(Stored data Opens)
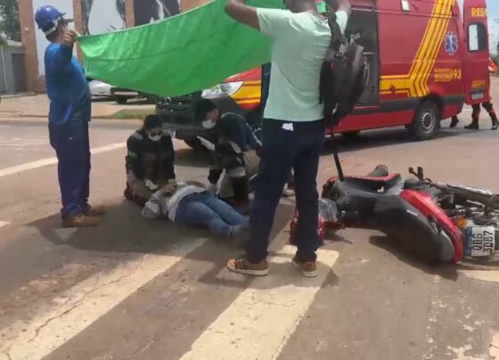 Carro x moto: colisão deixa motoqueira com ferimentos em Sinop
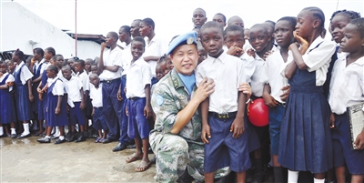 周朝晖(中)代表中国维和部队慰问利比里亚蒙罗维亚小学
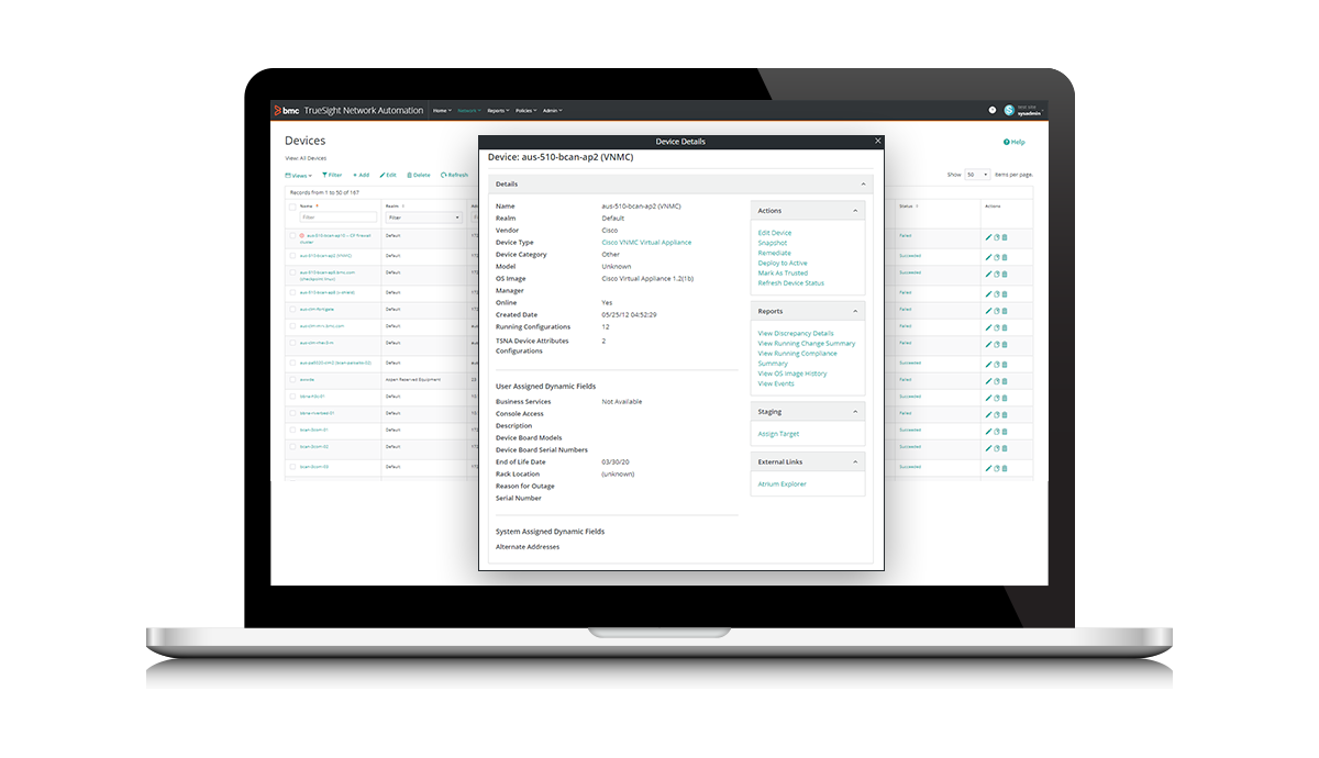 - Reduce mean-time-to-resolution (MTTR) by up to 80%, by logging every change, whether or not made by TrueSight Automation for Networks
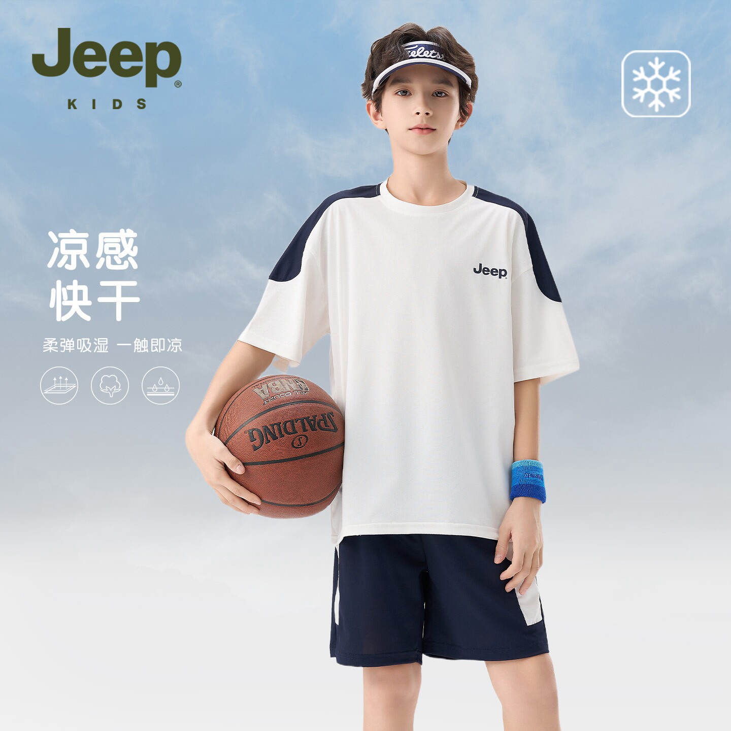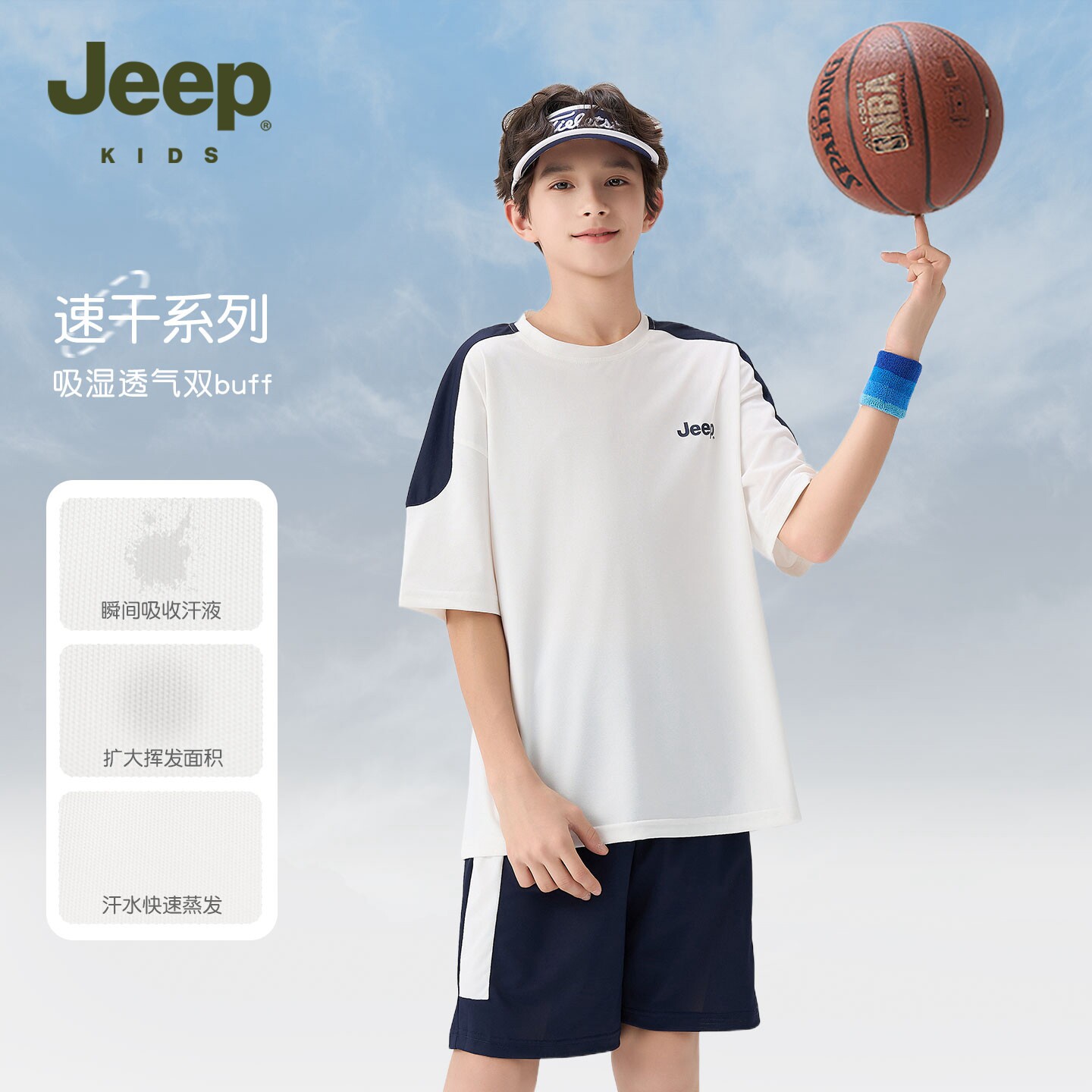 Jeep男童运动套装青少年速干2026夏季新款儿童篮球短袖短裤两件套
(Stored data Closes)
▸ Exercise
Leaving the pictures out, write out all the material above exactly.

▸ Response area
 Carro x moto: colisão deixa motoqueira com ferimentos em Sinop
 周朝晖(中)代表中国维和部队慰问利比里亚蒙罗维亚小学
 - Reduce mean-time-to-resolution (MTTR) by up to 80%, by logging every change, whether or not made by TrueSight Automation for Networks
 Jeep男童运动套装青少年速干2026夏季新款儿童篮球短袖短裤两件套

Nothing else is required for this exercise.